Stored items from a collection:
========

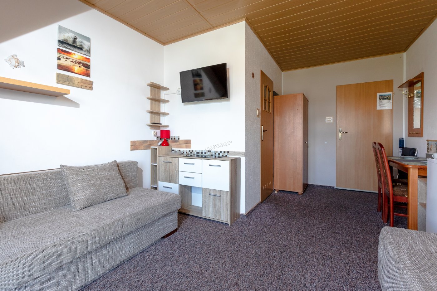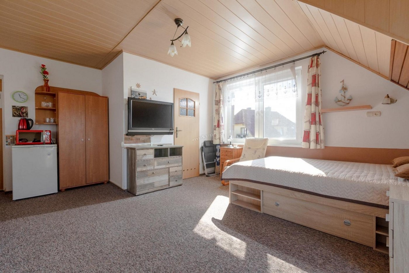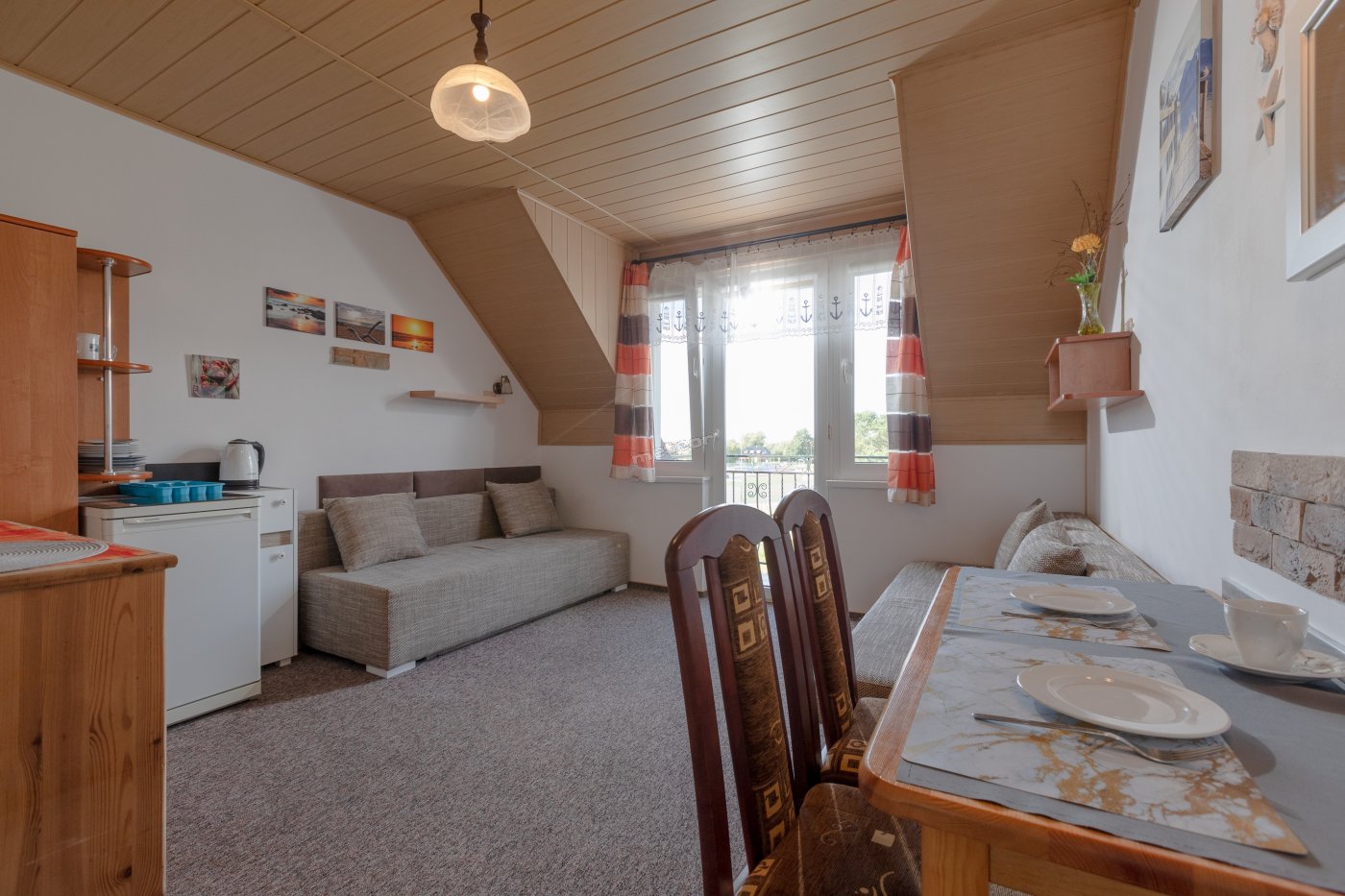 Goście mogą korzystać ze wspólnego aneksu kuchennego (lodówka, czajnik elektryczny, płyta indukcyjna).
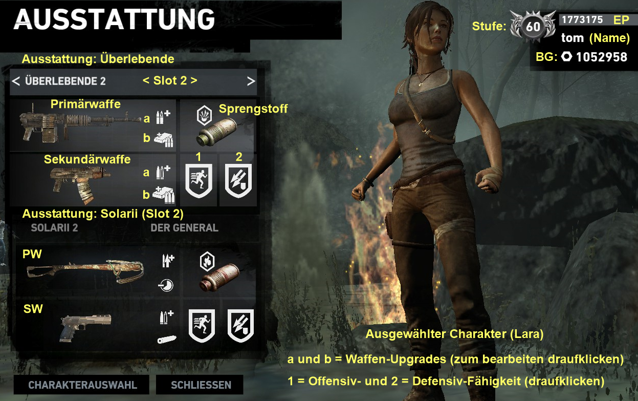 Spielen: du kannst entweder auf "Spiel finden" klicken, und dir einen Spielmodus (z.B. Team-Deathmatch) aussuchen, dort dann mit oder ohne Rangliste, und dann kommst du meist in irgend ein Spiel rein, das gerade läuft, oder es wird ein neues Spiel gestartet, wenn noch genügend weitere Spiele dazu kommen. Und du kannst auch ein privates Spiel erstellen, und deine Freunde dazu einladen. Ausstattung: man klickt auf den gewünschten Bereich, z.B. Primärwaffe oder Defensiv-Fähigkeiten, und kann dort dann alles ändern oder einstellen. Das kann man auch nicht genauer erklären, weil hier jeder die für seine Taktik passenden Einstellungen intuitiv oder experimentell herausfinden muß. Man hat für beide Seiten (Überlebende und Solarii) je 2 bis 5 (je nach Stufenrang) sogenannte "Slots", also Voreinstellungen für die Waffen und Fähigkeiten. Im Spiel kann man dann sehen, mit welcher Voreinstellung man die besseren Ergebnisse erzielt. Also das muß man selber herausfinden, welche Waffen und Fähigkeiten besser zur eigenen Strategie passen. Man kann ja nur je zwei Verbesserungen an den Waffen vornehmen, und auch nur je eine Offensiv- und Defensiv-Fähigkeit auswählen. Man sollte also in den verschiedenen Slots auch verschiedene Einstellungen vornehmen, und dann im Spiel testen, mit welcher man mehr Erfolg hat. Man kann die Slots vor dem Spiel auswählen, oder auch nachdem man getötet wurde, mit Hilfe der Handlungstaste einen anderen Slot nehmen.
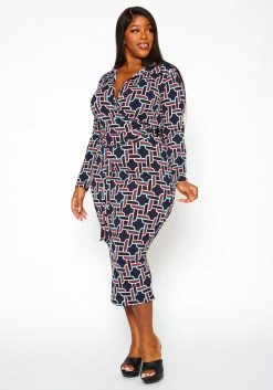 Plus Size Abstract Pattern Bodycon Midi Dress
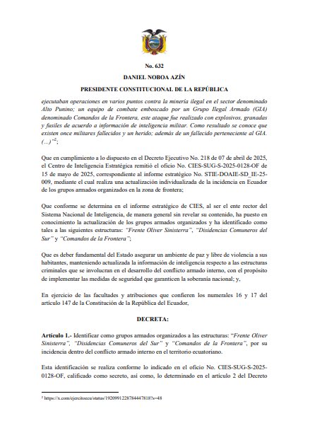Mediante el Decreto Ejecutivo 632, el presidente Daniel Noboa declaró oficialmente como grupos armados organizados a tres estructuras criminales vinculadas a la violencia en la frontera norte del Ecuador. Las organizaciones señaladas son el Frente Oliver Sinisterra, Disidencias Comuneros del Sur y Comandos de la Frontera.
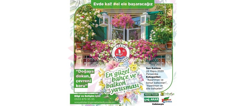 Natura Garden, Eminağa Garden, Çağakar, Perfect Garden’ın katkılarıyla düzenlenen yarışmaya katılmak isteyen vatandaşlar 28 Mayıs Perşembe gününe kadar, Girne Belediyesi Sosyal İşler Şubesi’ne 0533 879 95 95 numaralı WhatsApp hattına mesajla veya sosyalisler@girnebelediyesi.com adresine mail yoluyla mekanlarının fotoğraflarını göndererek başvuruda bulunabilecek.
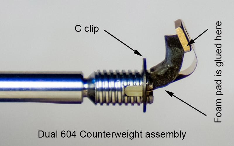 I repaired a Dual 604 turntable and one of the issues was the counterweight flops down quite loose. The counterweight is mounted on a flat spring to not be rigid on the tonearm but it should be parallel with the tonearm and centered in the adjustment shell. Inside the assembly the flat spring is in an "L" shape which attaches the counterweight to the shaft. At a diagonal of the "L" is attached a foam pad "spring" in tension to keep the flat spring in shape. This pad was stuck onto the spring with adhesive backing that has since deteriorated. I removed the pad, cleaned all traces of adhesive, and reglued it with contact cement. After assembly, there is a small inset setscrew which can fine tune the angle such that the counterweight will be parallel to the tonearm shaft and centered in the adjustment shell.
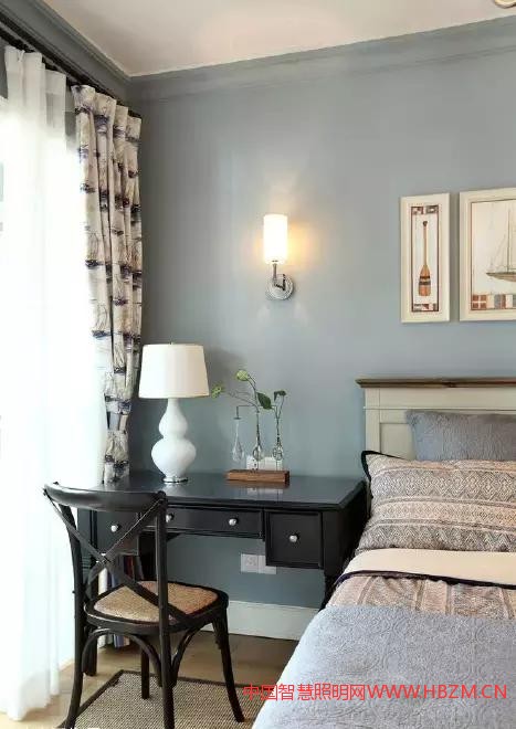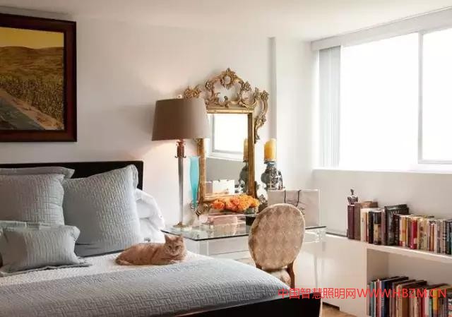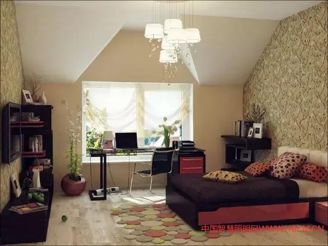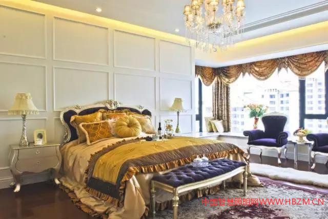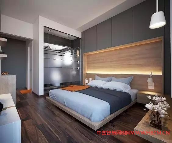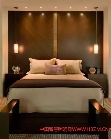 如果房間里大部分家具都是深胡桃木色,同時壁紙也是暗色的,這個時候就極需白色光源的補充,以白光來與臥室環(huán)境適當配合。

========

--- Task goal ---
Quote the data above exactly from the line with "Spielen: du kannst" to the line with "Plus Size Abstract", both ends counted, and nothing else. Pictures don't go in.

--- Finished exercise ---
 Spielen: du kannst entweder auf "Spiel finden" klicken, und dir einen Spielmodus (z.B. Team-Deathmatch) aussuchen, dort dann mit oder ohne Rangliste, und dann kommst du meist in irgend ein Spiel rein, das gerade läuft, oder es wird ein neues Spiel gestartet, wenn noch genügend weitere Spiele dazu kommen. Und du kannst auch ein privates Spiel erstellen, und deine Freunde dazu einladen. Ausstattung: man klickt auf den gewünschten Bereich, z.B. Primärwaffe oder Defensiv-Fähigkeiten, und kann dort dann alles ändern oder einstellen. Das kann man auch nicht genauer erklären, weil hier jeder die für seine Taktik passenden Einstellungen intuitiv oder experimentell herausfinden muß. Man hat für beide Seiten (Überlebende und Solarii) je 2 bis 5 (je nach Stufenrang) sogenannte "Slots", also Voreinstellungen für die Waffen und Fähigkeiten. Im Spiel kann man dann sehen, mit welcher Voreinstellung man die besseren Ergebnisse erzielt. Also das muß man selber herausfinden, welche Waffen und Fähigkeiten besser zur eigenen Strategie passen. Man kann ja nur je zwei Verbesserungen an den Waffen vornehmen, und auch nur je eine Offensiv- und Defensiv-Fähigkeit auswählen. Man sollte also in den verschiedenen Slots auch verschiedene Einstellungen vornehmen, und dann im Spiel testen, mit welcher man mehr Erfolg hat. Man kann die Slots vor dem Spiel auswählen, oder auch nachdem man getötet wurde, mit Hilfe der Handlungstaste einen anderen Slot nehmen.
 Plus Size Abstract Pattern Bodycon Midi Dress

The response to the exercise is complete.